Former Attorney General Michael Mukasey said that Hillary Clinton is absolutely the focus of a Justice Department probe, calling the argument that the investigation is about her private email network when she was secretary of state “ridiculous.”


“The FBI doesn’t investigate machines,” Mukasey, a Bush administration attorney general, told Shannon Bream on “Fox News Sunday.” “It investigates people.”

“It is not a political witch hunt,” he said.

Fox News Sunday reported that for months, questions about the private email network Clinton used while secretary of state have plagued her 2016 Democratic presidential campaign.

In recent weeks, the inspectors general for the State Department and the intelligence community have asked the Justice Department to open an investigation into whether Clinton’s network received or sent classified emails.

Clinton and her campaign have repeatedly said that she neither sent nor received classified email. And they have argued the investigation is not a “criminal” probe and that government nomenclature is at the center of the issue.

“What’s going on here is something that happens all the time,” Clinton campaign spokesman Brian Fallon recently argued. “You have a bureaucratic tangle over what counts as classified and what doesn’t.”

Mukasey, an adviser for Republican Jeb Bush’s presidential campaign, said arguments about what information was either classified or unclassified is “at the margins” of the debate.

“It’s inconceivable that a great deal of the information was unclassified,” he told Fox.

However, Mukasey acknowledged that the issue of Clinton perhaps or eventually facing criminal charges like now-retired Gen.

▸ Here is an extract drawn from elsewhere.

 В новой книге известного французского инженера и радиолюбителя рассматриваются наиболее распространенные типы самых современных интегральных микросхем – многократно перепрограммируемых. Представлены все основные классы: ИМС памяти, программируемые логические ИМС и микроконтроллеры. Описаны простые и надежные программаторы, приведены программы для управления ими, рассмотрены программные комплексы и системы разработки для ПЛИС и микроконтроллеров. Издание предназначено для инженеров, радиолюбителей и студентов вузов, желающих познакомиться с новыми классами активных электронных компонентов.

David Petraeus would depend on what she knew about the content of the exchanges.

Petraeus gave classified information to a female writer with whom he was having an extramarital affair.

Former California Democratic Rep. Ellen Tauscher, who is now a Clinton campaign surrogate, on Sunday largely dismissed the email controversy as a political attack.

“We can quibble about what [emails] should be re-classified when they go out to the public, but that’s dancing on the head of a pin,” she told Fox. “That’s partisan politics.”